An example: a 4% choke for a 415v motor rated at 6A, 50Hz
4% of 415 is near as dammit 16v, the current is 6A so the reactance Z is 16/6, 2.67 Ohms (reactive)
Z = 2 * Pi * f * L
lets rearrange that: divide both sides by 2 * Pi * f:
Z/(2 * Pi * f) = L so 2.67/( 6.3 * 50) = L
L = 2.67 / 315 = 8 milliHenries (8 mH) - this is the value of inductor you need, rated for at least the max current your motor will pull. One for each phase!

How does it work? The chopped PWM signal is approximating a sine wave, so the square edges of the current pulses are very high-frequency components (multiples of the switching frequency), the formula z = 2*Pi*f*L show that the impedance (resistance to current change) of the inductor scales with frequency, so for (e.g.) a 5 KHz switching frequency, the switching component sees 267 Ohms, 100 times the impedance that the wanted 50Hz "average" sees - the harmonics (all odd-order with square waves, so 3f, 5f, 7f etc.) see even higher impedances, 3f sees 800 Ohms, 5f sees 1330, 7f sees nearly 1900 - this limits the current the harmonics deliver to the motor winding (and insulation!) so reduces the rate that the voltage on the winding can increase, making the voltage seen by the insulation much more like a sinewave and much safer for old insulation :)
I've wound suitable inductors for a 6-amp 415v motor on salvaged cores from 24v control transformers, hefty high-temperature enamelled copper windings and a "gapped" core - I removed the interleaved E and I laminations and stacked all the E's, all the I's together and put a thin sheet of PTFE in between to form the gap, which increases the allowable current before the core saturate (when it can't take any more magnetic field and stops acting like an inductor, basically).

You probably didn't need to know that, I do go on sometimes :(

Dave H. (the other one)
 
@dave H
Thanks for taking the trouble to share your wisdom on this subject.
I now know enough about this subject to be dangerous but nowhere near enough to be useful :)
Slavishly applying your formulae, I have calculated the choke inductance values for my 2 speed motor:
2800rpm FLA 9.02A -> 5.8mH
1450rpm FLA 6.2A -> 8.5mH
As I am unable to "roll my own", I looked for commercial products and ended up here:
http://www.zez-silko.com/en/products/reactors-for-frequency-converters
- where I discovered there are both Input Reactors and Output Reactors.
However, I notice that in both cases they are single value chokes.
So if I may draw further on your expertise, do you recommend an Input or Output Reactor and is it necessary to have separate reactors for each speed (current) ?
 
No problem Richo,

Output reactors are what you want - input reactors are to (somewhat) correct supply power factor, reduce switch-on current and help contain RF interference on the supply to the VFD, in your circumstances they shouldn't be necessary!

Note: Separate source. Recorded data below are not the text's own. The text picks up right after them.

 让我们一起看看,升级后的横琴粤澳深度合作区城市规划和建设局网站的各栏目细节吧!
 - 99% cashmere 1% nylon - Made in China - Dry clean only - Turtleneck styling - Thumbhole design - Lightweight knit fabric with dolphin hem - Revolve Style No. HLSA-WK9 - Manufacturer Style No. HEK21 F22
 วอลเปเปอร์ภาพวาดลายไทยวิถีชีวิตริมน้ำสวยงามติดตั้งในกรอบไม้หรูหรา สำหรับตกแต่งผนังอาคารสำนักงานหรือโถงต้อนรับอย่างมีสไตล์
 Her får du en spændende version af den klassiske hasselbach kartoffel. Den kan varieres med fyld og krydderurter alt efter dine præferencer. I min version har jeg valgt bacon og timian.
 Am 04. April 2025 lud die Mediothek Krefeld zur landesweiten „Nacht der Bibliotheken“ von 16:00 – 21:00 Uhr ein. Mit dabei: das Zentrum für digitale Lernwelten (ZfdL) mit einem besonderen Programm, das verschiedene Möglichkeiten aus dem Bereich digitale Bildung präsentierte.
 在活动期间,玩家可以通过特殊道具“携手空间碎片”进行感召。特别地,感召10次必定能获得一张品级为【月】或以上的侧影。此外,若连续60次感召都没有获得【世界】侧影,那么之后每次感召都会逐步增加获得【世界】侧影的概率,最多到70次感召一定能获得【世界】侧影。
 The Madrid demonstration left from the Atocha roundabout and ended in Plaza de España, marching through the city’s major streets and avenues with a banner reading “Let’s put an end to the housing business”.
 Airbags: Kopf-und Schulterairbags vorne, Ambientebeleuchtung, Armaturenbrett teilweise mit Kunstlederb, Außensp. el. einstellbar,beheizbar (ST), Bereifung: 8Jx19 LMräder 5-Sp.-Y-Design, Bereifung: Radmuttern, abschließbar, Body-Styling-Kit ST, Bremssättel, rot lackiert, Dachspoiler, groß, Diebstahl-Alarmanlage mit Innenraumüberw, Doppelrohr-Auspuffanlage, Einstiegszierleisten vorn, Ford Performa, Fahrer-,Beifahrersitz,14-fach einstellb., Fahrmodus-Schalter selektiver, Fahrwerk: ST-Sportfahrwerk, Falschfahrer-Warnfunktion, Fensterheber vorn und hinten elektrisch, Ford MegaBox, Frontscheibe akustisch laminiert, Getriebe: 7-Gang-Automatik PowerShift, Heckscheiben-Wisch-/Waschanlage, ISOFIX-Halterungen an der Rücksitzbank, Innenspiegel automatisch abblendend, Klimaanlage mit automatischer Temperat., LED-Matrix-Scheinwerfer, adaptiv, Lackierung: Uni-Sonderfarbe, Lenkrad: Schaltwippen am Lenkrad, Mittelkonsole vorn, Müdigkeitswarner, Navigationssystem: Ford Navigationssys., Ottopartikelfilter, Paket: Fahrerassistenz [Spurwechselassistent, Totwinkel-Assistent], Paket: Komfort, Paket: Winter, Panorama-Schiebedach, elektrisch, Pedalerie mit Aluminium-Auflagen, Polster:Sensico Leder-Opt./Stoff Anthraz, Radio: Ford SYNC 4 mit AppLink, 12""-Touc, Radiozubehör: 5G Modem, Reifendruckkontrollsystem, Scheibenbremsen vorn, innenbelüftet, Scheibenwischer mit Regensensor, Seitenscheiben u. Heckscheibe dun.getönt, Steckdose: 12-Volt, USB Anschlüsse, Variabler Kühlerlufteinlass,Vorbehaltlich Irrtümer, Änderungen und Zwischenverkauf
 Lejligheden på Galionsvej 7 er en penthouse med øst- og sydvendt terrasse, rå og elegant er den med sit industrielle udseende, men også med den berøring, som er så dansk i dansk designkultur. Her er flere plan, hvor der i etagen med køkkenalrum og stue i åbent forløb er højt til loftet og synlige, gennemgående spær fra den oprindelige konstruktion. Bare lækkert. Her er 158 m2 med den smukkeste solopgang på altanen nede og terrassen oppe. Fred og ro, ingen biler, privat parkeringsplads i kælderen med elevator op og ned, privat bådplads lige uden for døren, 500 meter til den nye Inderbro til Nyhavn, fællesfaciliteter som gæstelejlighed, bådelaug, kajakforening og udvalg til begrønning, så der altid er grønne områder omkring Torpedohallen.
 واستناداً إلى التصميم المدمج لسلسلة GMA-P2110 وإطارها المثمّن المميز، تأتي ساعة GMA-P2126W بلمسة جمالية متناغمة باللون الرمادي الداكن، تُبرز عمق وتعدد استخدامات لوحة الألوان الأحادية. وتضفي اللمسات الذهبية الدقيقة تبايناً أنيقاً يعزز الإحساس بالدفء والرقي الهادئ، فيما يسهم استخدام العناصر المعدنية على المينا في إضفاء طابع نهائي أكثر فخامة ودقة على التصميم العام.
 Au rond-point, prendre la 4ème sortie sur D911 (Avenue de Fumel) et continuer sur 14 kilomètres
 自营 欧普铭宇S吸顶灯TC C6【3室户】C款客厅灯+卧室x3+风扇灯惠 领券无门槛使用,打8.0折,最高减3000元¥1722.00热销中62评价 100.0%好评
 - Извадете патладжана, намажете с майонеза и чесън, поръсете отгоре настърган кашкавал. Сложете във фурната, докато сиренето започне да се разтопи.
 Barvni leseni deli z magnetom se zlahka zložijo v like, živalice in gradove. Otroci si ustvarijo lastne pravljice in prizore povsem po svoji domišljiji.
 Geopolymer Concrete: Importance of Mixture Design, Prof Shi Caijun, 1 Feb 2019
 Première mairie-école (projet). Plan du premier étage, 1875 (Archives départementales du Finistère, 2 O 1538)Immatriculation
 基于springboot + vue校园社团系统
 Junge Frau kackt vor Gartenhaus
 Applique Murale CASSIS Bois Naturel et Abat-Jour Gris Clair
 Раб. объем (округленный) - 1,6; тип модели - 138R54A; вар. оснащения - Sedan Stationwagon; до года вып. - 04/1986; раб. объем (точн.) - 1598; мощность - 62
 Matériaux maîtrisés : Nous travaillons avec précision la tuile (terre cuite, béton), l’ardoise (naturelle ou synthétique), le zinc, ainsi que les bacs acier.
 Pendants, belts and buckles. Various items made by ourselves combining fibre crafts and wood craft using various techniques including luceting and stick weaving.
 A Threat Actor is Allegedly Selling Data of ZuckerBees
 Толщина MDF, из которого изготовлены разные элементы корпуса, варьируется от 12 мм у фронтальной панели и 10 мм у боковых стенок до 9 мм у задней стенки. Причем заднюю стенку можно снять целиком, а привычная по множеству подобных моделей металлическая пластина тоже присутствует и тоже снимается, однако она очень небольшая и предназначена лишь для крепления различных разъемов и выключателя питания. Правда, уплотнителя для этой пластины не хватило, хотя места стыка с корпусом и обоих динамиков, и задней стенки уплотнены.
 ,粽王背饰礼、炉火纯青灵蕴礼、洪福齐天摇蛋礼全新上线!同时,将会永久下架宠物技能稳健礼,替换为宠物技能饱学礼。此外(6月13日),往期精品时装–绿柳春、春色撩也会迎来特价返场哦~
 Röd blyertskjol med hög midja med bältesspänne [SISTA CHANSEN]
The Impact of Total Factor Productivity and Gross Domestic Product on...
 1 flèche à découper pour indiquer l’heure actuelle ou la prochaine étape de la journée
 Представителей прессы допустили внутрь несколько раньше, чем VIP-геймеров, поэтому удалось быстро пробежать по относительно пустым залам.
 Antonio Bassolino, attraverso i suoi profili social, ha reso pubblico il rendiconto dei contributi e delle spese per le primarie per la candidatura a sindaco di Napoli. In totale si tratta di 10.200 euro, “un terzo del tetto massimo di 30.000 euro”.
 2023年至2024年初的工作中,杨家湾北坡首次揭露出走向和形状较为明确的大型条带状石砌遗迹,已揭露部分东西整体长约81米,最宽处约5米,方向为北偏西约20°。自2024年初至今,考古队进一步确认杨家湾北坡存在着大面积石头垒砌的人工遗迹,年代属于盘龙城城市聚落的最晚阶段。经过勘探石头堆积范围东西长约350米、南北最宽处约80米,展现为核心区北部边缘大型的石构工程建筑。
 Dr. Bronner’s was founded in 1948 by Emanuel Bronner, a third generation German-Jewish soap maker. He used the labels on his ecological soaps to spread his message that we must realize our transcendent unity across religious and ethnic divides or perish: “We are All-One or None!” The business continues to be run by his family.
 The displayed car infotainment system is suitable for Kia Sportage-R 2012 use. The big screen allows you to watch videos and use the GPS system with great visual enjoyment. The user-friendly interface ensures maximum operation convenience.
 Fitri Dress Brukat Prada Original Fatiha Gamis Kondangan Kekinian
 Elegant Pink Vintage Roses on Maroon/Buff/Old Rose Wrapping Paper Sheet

You *could* use different inductors for the two speeds but myself I'd probably pick the 5.8mH if they were available - that link shows a max. of 2.5mH, which would probably be enough to protect your motor (there'll still be the attenuation of the PWM harmonics, just not quite as much, instead of 100:1 you'd be looking at 45-ish:1 or 25-ish:1 impedance ratios for the two speeds and 5kHz switching (vs 50Hz sine), again the ratios would multiply for the harmonics.

My own application is on a 3-speed motor with 4.9, 5.2 and 6A rated currents in the three speeds, I've used a single value of about 7mH as a bit of a compromise, so far the 60 year old motor hasn't died on me, nor has the VFD!

Hope that helps,
Dave H. (the other one)

P.S. - oops. forgot something important! Put the inductors between VFD and speed switch, try NOT to switch speeds with the motor running! That requires a bit more thought, putting together a snubber circuit (to deal with voltage spikes from the motor/switching and prevent them getting to the VFD) and programming the VFD with an additional switch wafer/set of contacts/microswitch to drop its output during switching.